Giving a background to his life during that interview, Greenidge said that he was born Laurie Evan Rupus Greenidge in Bajan Quarters. The area was so named because it was predominantly occupied by persons from Barbados, who worked on the Skeldon Estate. He had said his father, Laurie Greenidge, worked on the estate but his mother, Florie Bacchus, was a stay-at-home mom. He lost both of his parents at a young age, his father when he was a baby, and his mother when he was seven years old; he and his three siblings grew up with an aunt.
He later attended the Institute for the Blind which in the past was tasked with the responsibility of training the blind and finding meaningful employment for them. At the institute, he learnt to make baskets, cane chairs, trays and other craft items and then he became employed by the institute which in turn sold those items.
While he initially made money from making those items, over the years they stopped being in demand and he depended on tuning pianos.
It was his passion for music and more so in the piano that eventually saw him being awarded a scholarship to attend the London College of Furniture, a polytechnic in East End London, which had a department to train people to repair pianos. The scholarship came through his association with one Donald Jones, who was one of the few piano tuners in that time. It was he who recommended Greenidge to Lynette Dolphin, the then chair of the Department of Culture at the Ministry of Education.
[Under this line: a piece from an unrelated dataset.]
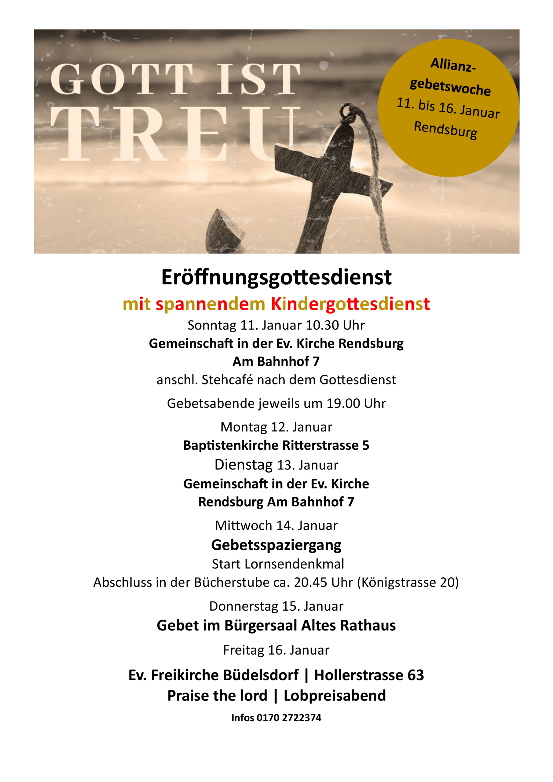 Was erwartet Dich? Zuerst einmal eine ziemlich bunte Gruppe unterschiedlichster Menschen! Wir setzen nicht auf Gleichmacherei, denn jeder hat seinen ganz persönlichen Zugang und Weg mit Gott. Es gibt Menschen die unsere Kirche besuchen, weil es richtig gut tut, in dieser unübersichtlichen Welt ein paar Impulse oder etwas Orientierung zu finden. Andere haben hier ‚ihren‘ Platz entdeckt, an dem sie wachsen und sich entwickeln möchten. Nicht wenige nutzen die Baptistenkirche Rendsburg, um heil zu werden: Wer einfach zuviel Schrott erlebt hat, freut sich über einen Ort, an dem einfach jeder sein darf, um nach herausfordernden Lebensphasen wieder Atem zu holen. Es gibt auch Menschen, die es genießen, in Sachen Gottesdienst und Anbetung ermutigend an die Hand genommen zu werden. All dies und vieles mehr ist in der Baptistenkirche Rendsburg möglich – am besten, Du kommst mal längs und schnupperst einfach rein. Eine gute Gelegenheit ist der Gottesdienst am Sonntag Vormittag. Herzlich willkommen.

He was married to Paulette Greenidge, who many may have known as Paulette Craig who was a teacher; she died in 1998. He remembered that his wife was also a versatile piano player and she taught music.
He later met Ruth and they have been together for a number of years.
“My experience both locally and overseas I consider beneficial both to myself and the country at large. My work in servicing pianos took me to a number of places in the country and I would have met many persons as well, some of whom I know up to day,” Greenidge had said at the time, a satisfied smile on his face.
But now his just wants to live in peace and enjoy the fruits of his labour.